Article Summary
- Nigeria sees a 41% increase in registered agents for mobile money payments.
- Mobile money account ownership in Nigeria grows from 16% to 22% in the past year.
- Mobile money transactions globally reach $1.26 trillion, with a 22% increase in transaction values.
There has been a 41% increase in the number of registered agents for mobile money payments in Nigeria according to a new report.
The report titled State of the Industry on Mobile Money Report 2023 was compiled by GSM Association (GSMA) and supported by the Bill & Belinda Gates Foundation.
Director-General of GSMA, Mats Granryd, remarked that
- “Some of the key contributors to the growth of mobile money in the past few years have been regulatory changes in large markets. In Nigeria, for example, new licenses have seen many new mobile money players emerge, and with this a 41% growth in the number of registered agents”
Among all adults in Nigeria that are aware of mobile money and have used a mobile phone, mobile money account ownership has grown from 16% to 22% in the last year. Of all adults with a mobile money account, 88% have one registered in their name (a nine-percentage point increase year on year). The report says.
According to the reports, globally registered mobile money accounts grew by 13% year on year, from 1.4 billion in 2021 to 1.6 billion in 2022. However much of this growth happened in Sub-Saharan Africa where there is a 17 percent increase in registered accounts taking its number of users to 763 million.
Beyond users, financial transactions facilitated by Mobile Money also witnessed impressive growth within the period under review. According to the report, transaction values grew by 22% to $1.26 trillion up from around $ 1 trillion in 2021.
The report also featured how Mobile Money Platforms are helping users save funds. In 2022, around 60% of MMPs offered users a savings account.
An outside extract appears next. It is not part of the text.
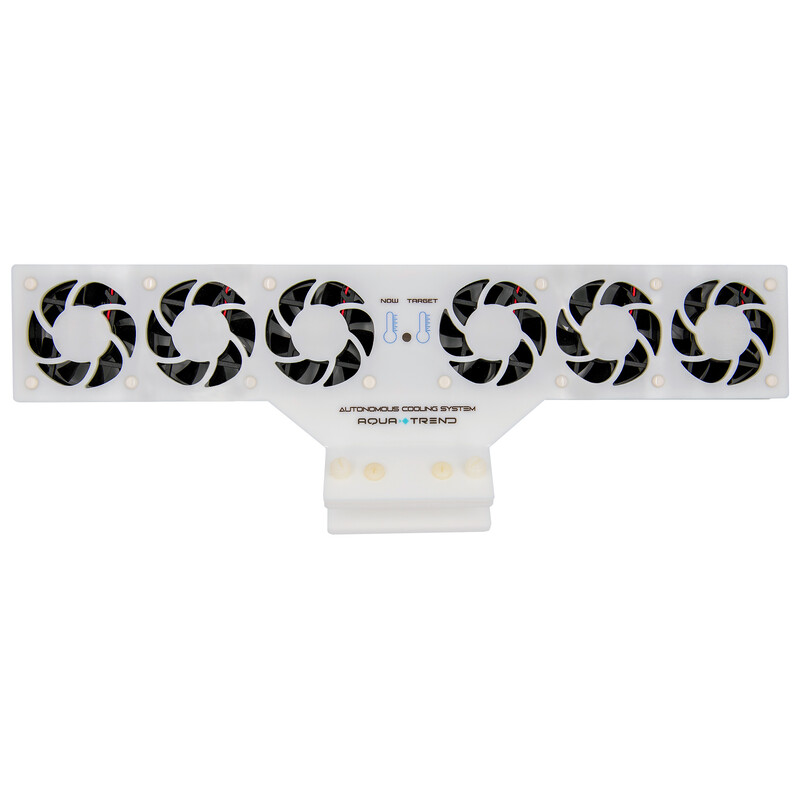 Das AUTONOME KÜHLSYSTEM ermöglicht die Einstellung der Lüftergeschwindigkeit (Luftstromleistung). Der Benutzer kann die Lüfterleistung an seine eigenen Vorlieben anpassen: Aquariengröße, Geschwindigkeit der Wasserüberhitzung usw. Die Einstellung erfolgt über einen Drehknopf am Gehäuse des im Set enthaltenen Netzteils.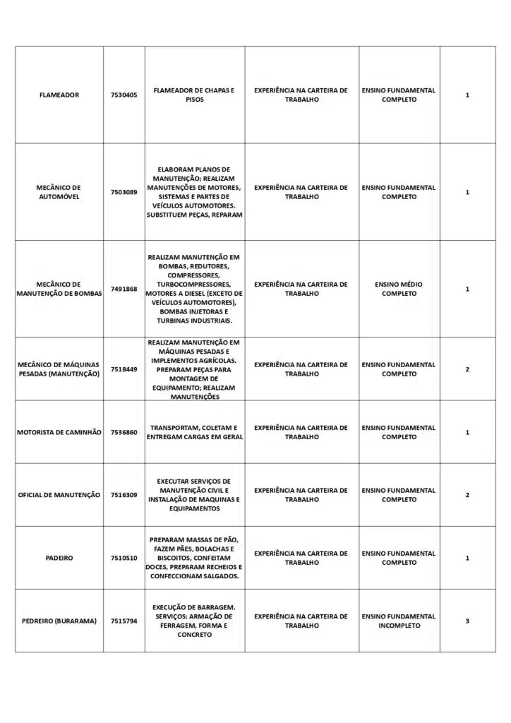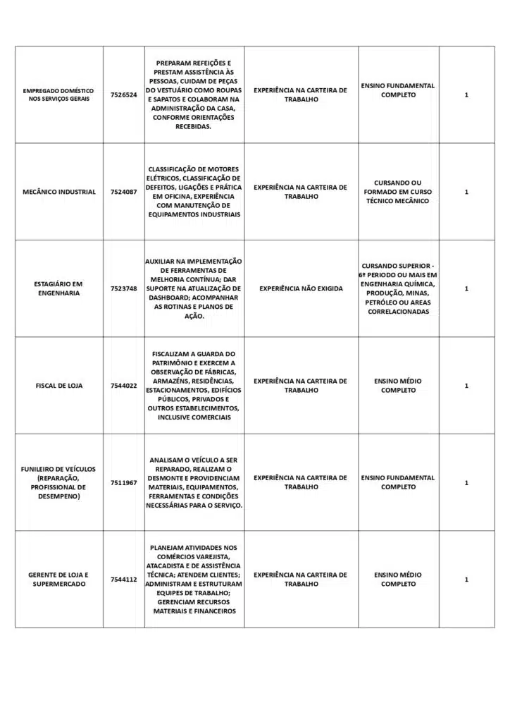 As oportunidades de emprego são para diversos cargos e níveis de escolaridade

Half of these providers did not offer a savings product in 2021.
The World Bank Global Findex 2021 found that 15% of adults in Sub-Saharan Africa, or 39% of all mobile money account owners in the region, saved using a mobile money account.
Although women in low and middle-income countries are 28% less likely to own a mobile money account, the report offers some positives.
Mobile Money is also fostering financial inclusion of women and low-income earners in many emerging economies the report reveals.
More women have a mobile money account than ever before and are using it at a similar rate as men on a 30-day basis.
According to Mats Granryd;
- “It has also been encouraging to see that mobile money is contributing to closing the financial inclusion gender gap.
- According to the World Bank, more women than men now own a mobile money account in at least seven countries in Sub-Saharan Africa.”
However, there is a blight as the gender gap in account ownership in Nigeria and Pakistan has widened in recent times.
The Director-General of GSMA remarked on the phenomenon
- “While there is a lot more work to be done in this space, this is a hugely positive advancement when women have access to mobile phones and mobile money, they can increase their economic independence and strengthen their role as financial decision-makers.
- Mobile money is driving financial inclusion around the world. As it continues to grow, it offers an incredible opportunity to reach the 1.4 billion people who still do not have access to financial services.”
International remittance payments via mobile money also saw growth according to the report. There was a 28% year-on-year growth in mobile money-enabled international remittances.
Since the covid-19 pandemic, there has been a consistent upward trend in international remittance payments via mobile money. This is because of its speed, safety, and cost-effectiveness.
The authors of the report advised countries and entrepreneurs to keep designing safe and secure financial services for all as the world works towards a sustainable and resilient future where everyone is connected.